Housing Now! Tenants Together, the Eviction Defense Network and the Leadership Counsel for Justice and Accountability also criticized SB 91 for not ensuring that small, mom-and-pop landlords get priority for federal dollars over large companies such as Blackstone, the largest corporate landlord in Sacramento County.

Yet the biggest concern for advocates is that tenants, themselves, can’t  apply for the new relief program. For those who rent from landlords who choose not to apply, there are other assistance programs available, but they only amount to 25% of their rental debt being paid.

“There’s no rent cancellation, so that means if your landlord does apply, then you’re probably in a good spot. But if they don’t, then that tenant is still going to be in a deep hole,” Singh said. “If your landlord doesn’t accept the money, you could fall through the cracks in a lot of different ways.” 

And that, advocates say, can have broader public health consequences. Illustrating that reality at the Monday demonstration was Anthony Ydrogo, a Sacramento tenant and father of three young children. Ydrogo says that after he lost his income due to the pandemic, he was hit with multiple eviction notices and other forms of harassment from his landlord. Worried about becoming homeless, he began working at a gas station in his neighborhood to catch up on rent. He says within weeks of making that decision, he contracted COVID-19 and then spread it to his daughter.

“If everyone gets evicted, I feel there’s going to be more COVID cases,” Ydrogo told the crowd.

The demonstration represented a backlash to yet another element of the Newsom administration’s pandemic game plan.

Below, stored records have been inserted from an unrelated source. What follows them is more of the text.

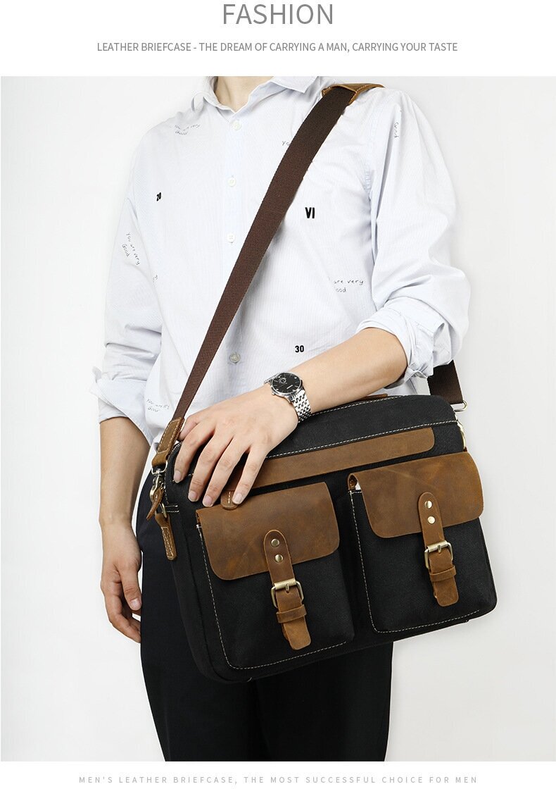 Отзывы на Сумка-портфель MyPads Premium 9772 из качественной импортной ткани Канвас со вставками из натуральной коровьей кожи для ноутбука 14 дюйма вместит...
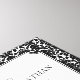 This elegant piece of keepsake displays the couple's names and a meaningful quote within a damask pattern frame. Names are set in classic fonts accented by a graceful ampersand. Quote or saying is set in elegant script.
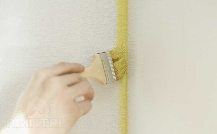 Прежде чем приступить к процессу окрашивания, необходимо нанести в качестве грунтовки разведенный обойный клей. Эта хитрость позволяет сделать швы между полосками обоев менее заметными, а также способствует лучшему сцеплению красящего состава и стеклообоев.
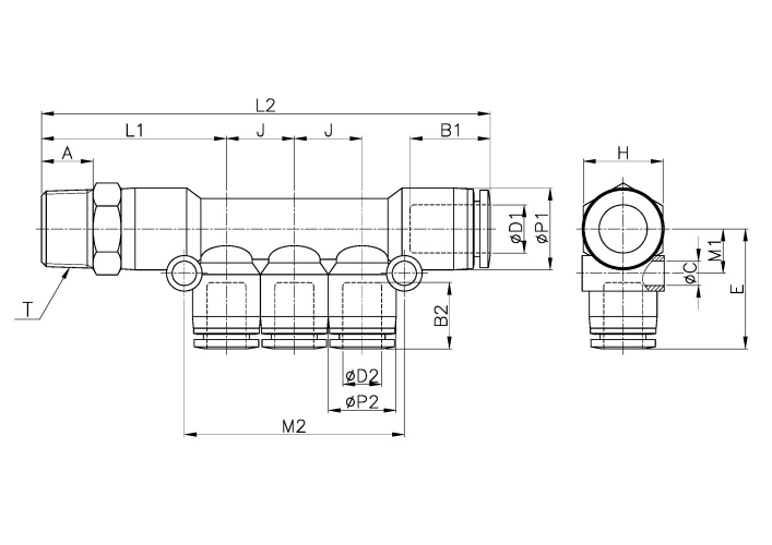 | Model | ¢D1 | ¢D2 | ¢P1 | ¢P2 | T | L1 | L2 | E | ¢C | A | B1 | B2 | J | M1 | M2 | H(Hex) | ORIFICE | WEIGHT(g) | BOX(EA) |
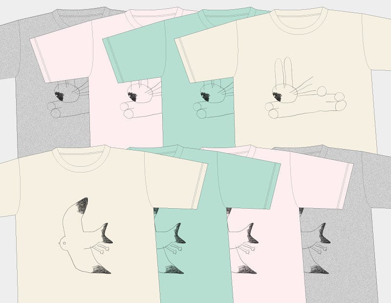 お子さま向けにTシャツ2点をリターンに追加しました。 キッズTシャツ「うさぎ」と「カモメ」。いずれも4色展開で、サイズは100/110/120の3サイズです。 詳しくは、プロジェクトページ内リターンの欄をご確認ください。
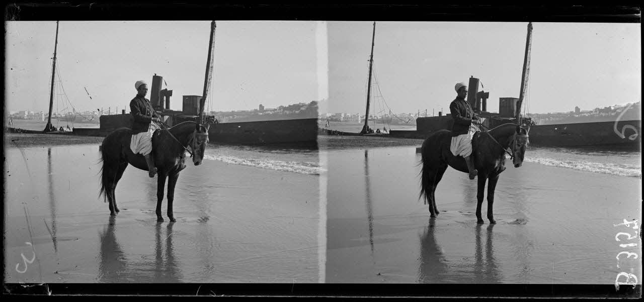 Sur la plage de Salé, tirailleur indigène à cheval. [légende d’origine]
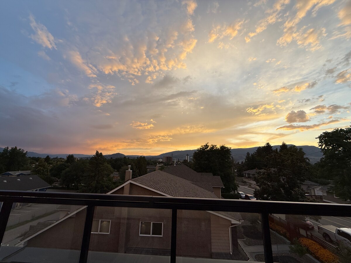 Genieße von diesem schönen Zimmer mit raumhohen Fenstern einen atemberaubenden Blick auf den See und die Berge. Entspanne dich in dieser gemütlichen Suite mit einem privaten Eingang und einer Terrasse. Entspanne dich in der Badewanne oder Regendusche, schlüpfe in einen Bademantel und genieße nach einem Tag voller Erkundungen ein Glas Wein bequem von deinem Zimmer aus. Unser Airbnb ist ideal für Gäste, die einen ruhigen, erholsamen Aufenthalt zu schätzen wissen. Nicht für laute Versammlungen oder Partys geeignet. In der Nähe des Knox Mountain gelegen, 7 Minuten Fahrt von der Innenstadt, den Stränden und der Natur entfernt.
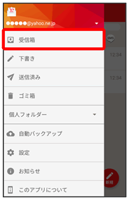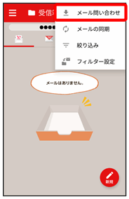 • 受信箱画面で下にドラッグ/フリックしても新着メールの確認ができます。
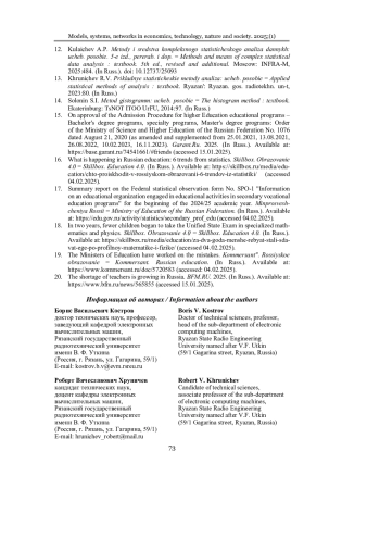 12. Кулаичев А. П. Методы и средства комплексного статистического анализа данных: учеб. пособие. 5-е изд., перераб. и доп. М.: ИНФРА-М, 2025. 484 с. (Высшее образование). DOI: 10.12737/25093
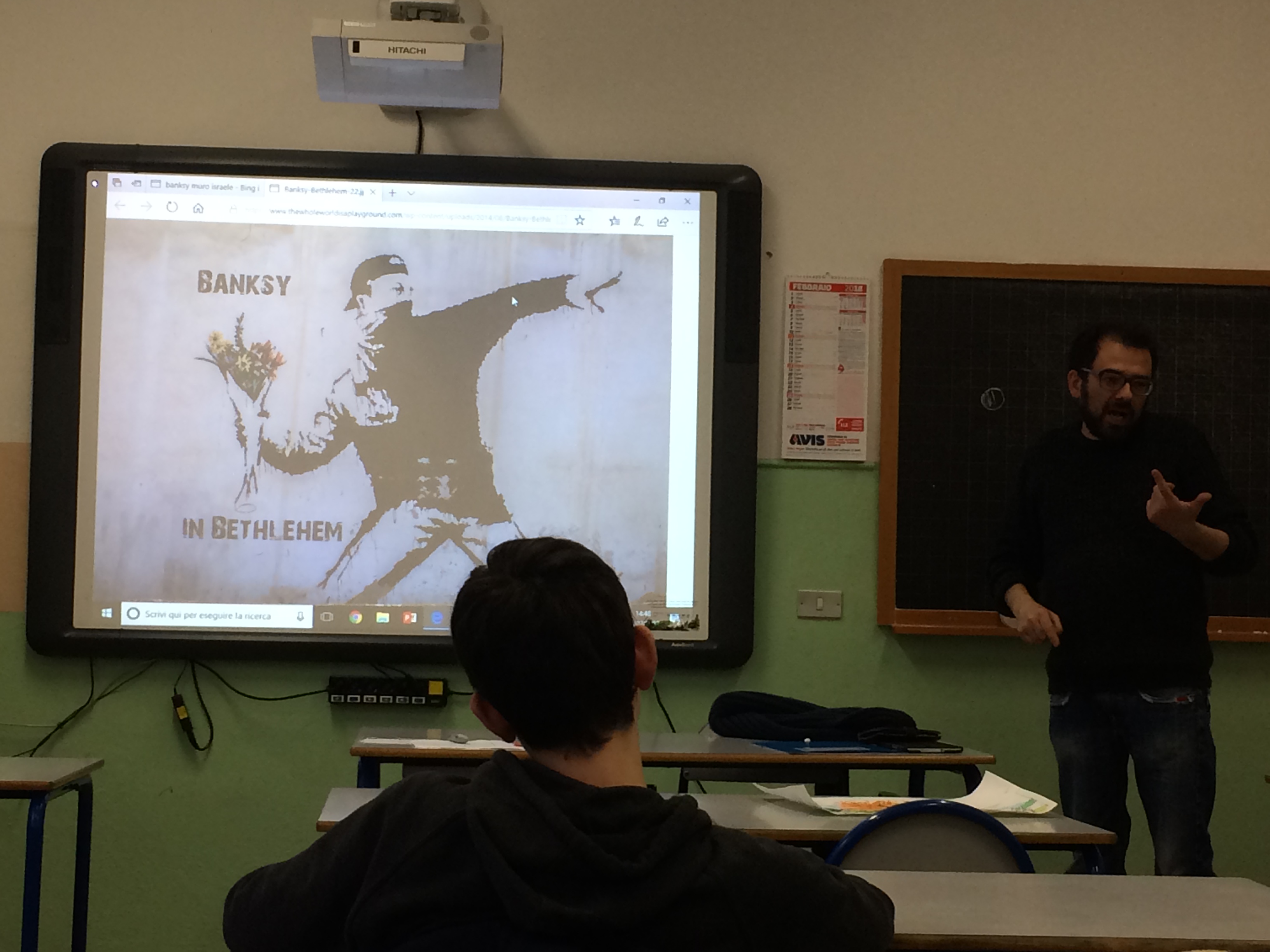 e adesso… il murales in via di realizzazioneIl progetto è iniziato con una lezione sulla storia della Street Art: dai semplici graffiti preistorici propiziatori ai grandi artisti di strada dei giorni nostri, come Banksy e Blu, creatori di murales famosi in tutto il mondo. La Street Art non è vandalismo, è espressione artistica che arriva a tutti perché non è chiusa in un museo, il suo messaggio è spesso legato ai temi di attualità perché deve far riflettere chi la guarda.
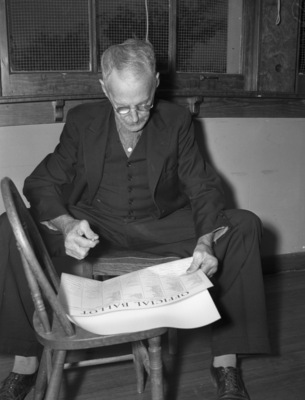 Tarrant County's citizens marched to the polls to join 50,000,000 other Americans in expressing a choice for President and Vice President and State, district and county officials. Throughout the county, scenes like these were common place. Shown here is W. L. Dean, at the Denver Avenue School. The paper he's seen to be holding has official ballot written on it. Published in the Fort Worth Star-Telegram evening edition, November 5, 1940.
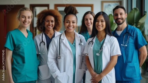 Group of doctors of different nationalities and genders looks at camera and smiles
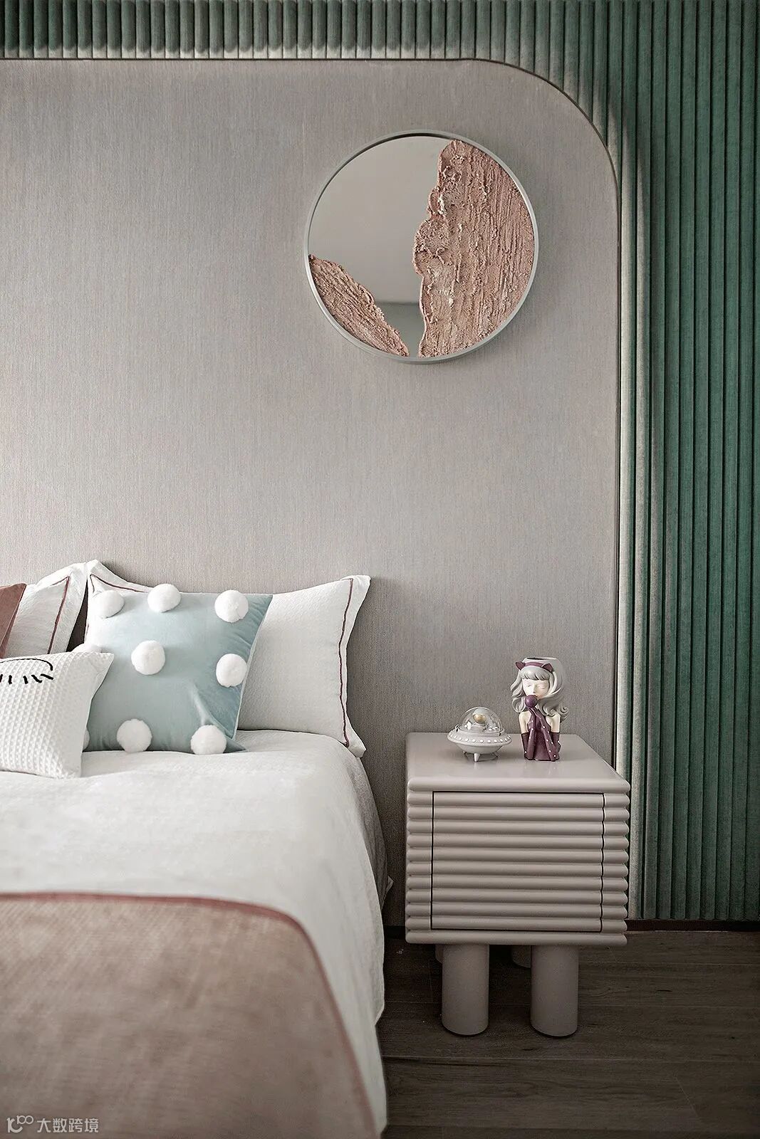 移步换景,随光而行。与其他空间不同的是,儿童房以莫兰迪色为基调,充满着孩子般的童趣与大自然的气息。一抹绿色是跳跃的音符,谱下一片充满光的小天地,传递情景感与情绪交错的空间。
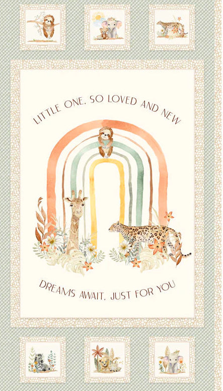 Welcome to the Mini Menagerie, a charming fabric collection by Audrey Jeanne Roberts, where the animal kingdom's little ones come to life! The adorable panel and coordinating prints are perfect for everything from quilts to decorating a nursery. The sweet designs will help to create a soothing and imaginative space for any baby.
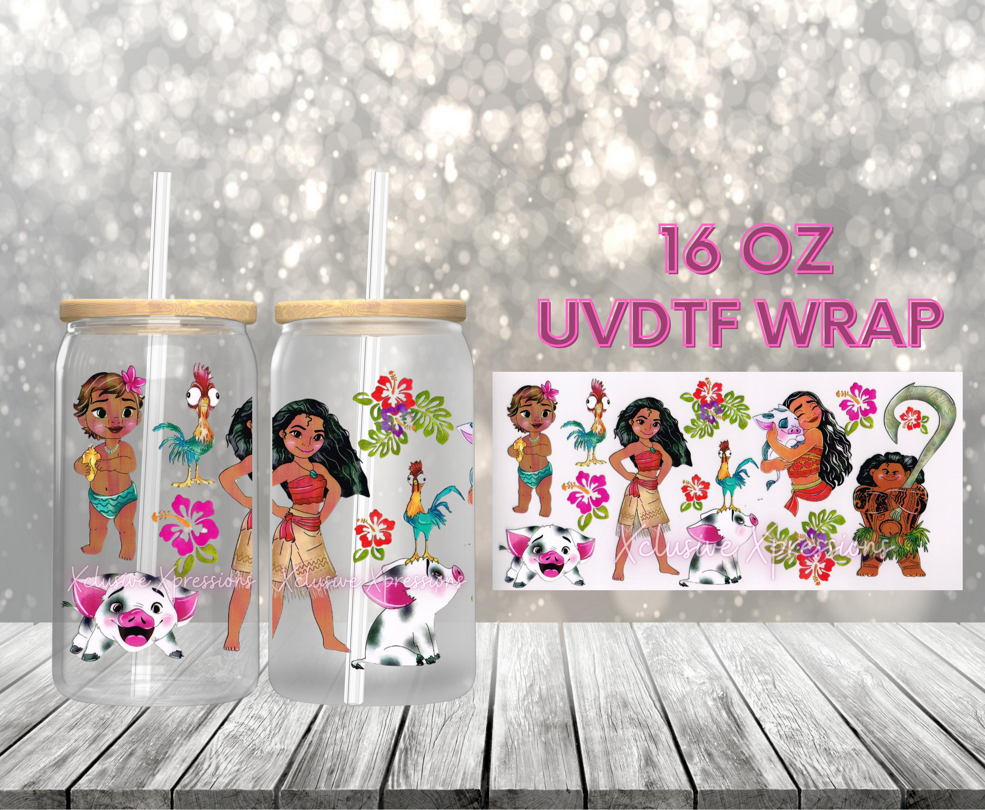UVDTF cup wrap is sized to fit most 16oz glass cups. Wrap size is about 9.4” x 4.3”.
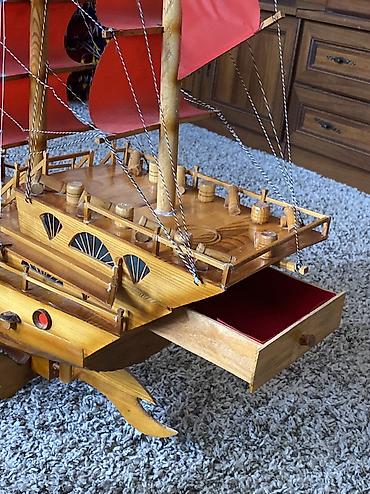 - В кормовой части встроен выдвижной ящичек с бархатной вставкой — можно использовать как тайник/шкатулку.
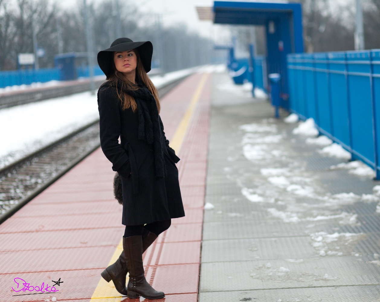 Mam na sobie czarny płaszcz, czarny kapelusz, czarny szalik z kapturem i przełamujące ową czerń - brązowe kozaki i "futrzastą torebkę".
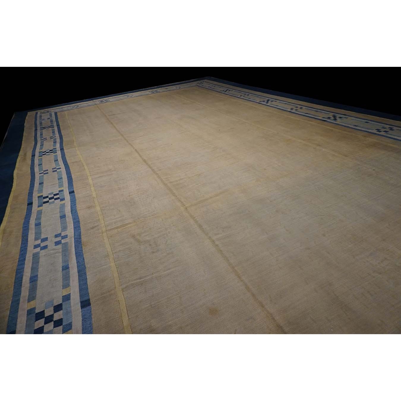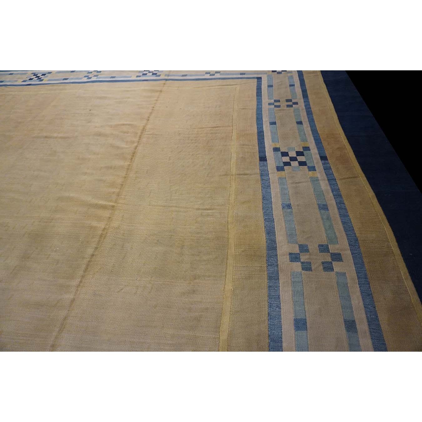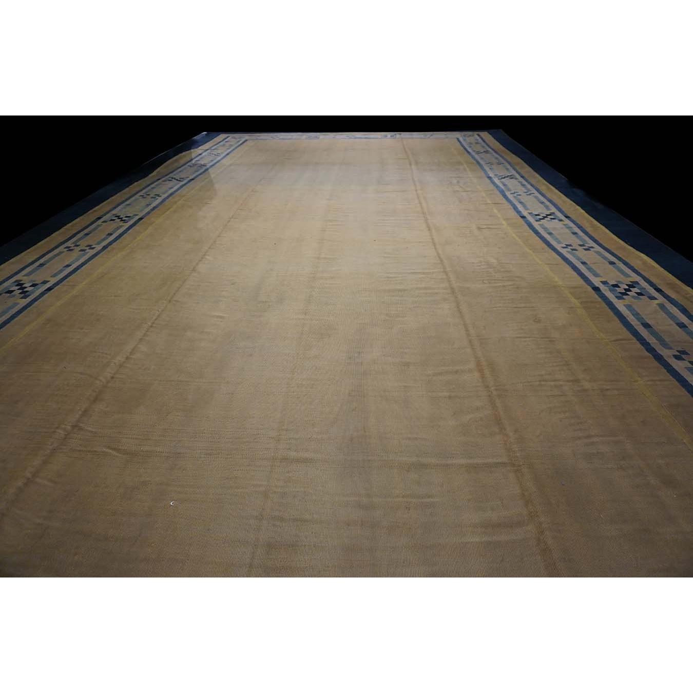 Open, unornamented field were popular in the Art Deco period. This enormous, camel- colored carpet may have been initially woven for an exclusive hotel lobby. The ivory border is ornamented with dots and bars in shades of blue. A grand gallery or perhaps a return to institutional use would be equally appropriate. The condition is still excellent, without spot or channel wear, amazingly after more than 80 years
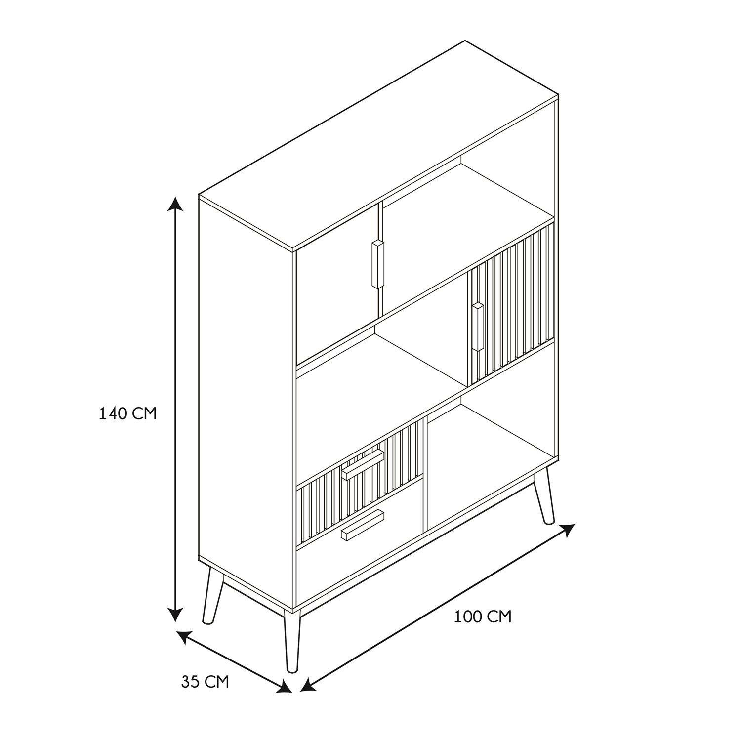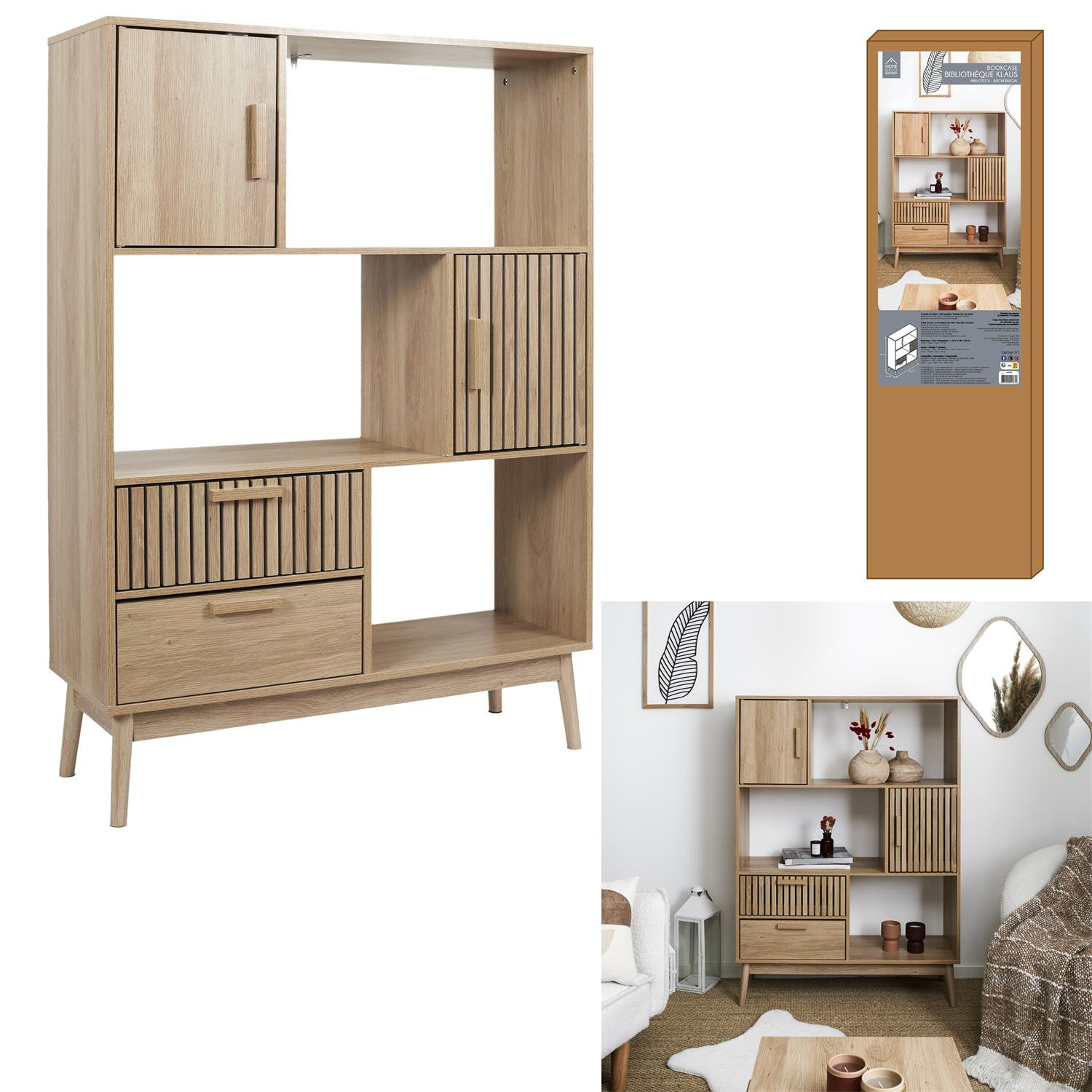 Regał Klaus to jeden z elementów serii Klaus, która charakteryzuje się naturalnym kolorem okleiny, mocnymi sosnowymi nogami i cekawym zdobieiem z elementami lameli. Regał wyposażony został w dwie szuflady oraz dwie szafki. Dodatkowo regał posiada 3 półki na których możemy ustawić np. książki. Frony regału są zarówno ozdobione lamelami jak i również dwa fronty są gładkie. Otwieranie szuflad i szafek umożliwiają drewniane uchwyty.
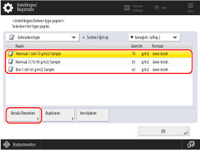 Selecteer het aangepaste papier uit de lijst en druk op [Details/Bewerken].

There are still thousands of Californians out of work who haven’t received unemployment benefits, while the state did pay out millions—possibly billions—in benefits to convicted criminals sitting behind bars. Several state business associations are suing Newsom, claiming there was no scientific data to justify closing outdoor dining, gyms and hair and nail salons during the stay-at-home orders that weren’t lifted for most regions until this week. And between mid-December and mid-January, California had one of the slowest COVID-19 vaccine roll-outs in the entire nation. On Wednesday, the Newsom administration announced that Blue Shield, the nonprofit health insurance giant, will take over the statewide vaccine distribution.

Also this week, organizers of the recall effort against Newsom announced they have gathered 1.2 million signatures. They need a total of 1.5 million by March 17 to force a special election as soon as this fall.

For housing advocates, the public ire aimed at Newsom at Monday’s demonstration was a self-inflicted wound.

“The governor didn’t listen us, but he didn’t seem to listen to the landlords, either, so everyone with the most practical knowledge of conditions on the ground got ignored,” Singh said. “As usual, the burden is going to fall on us to try to help all the people who are left behind.”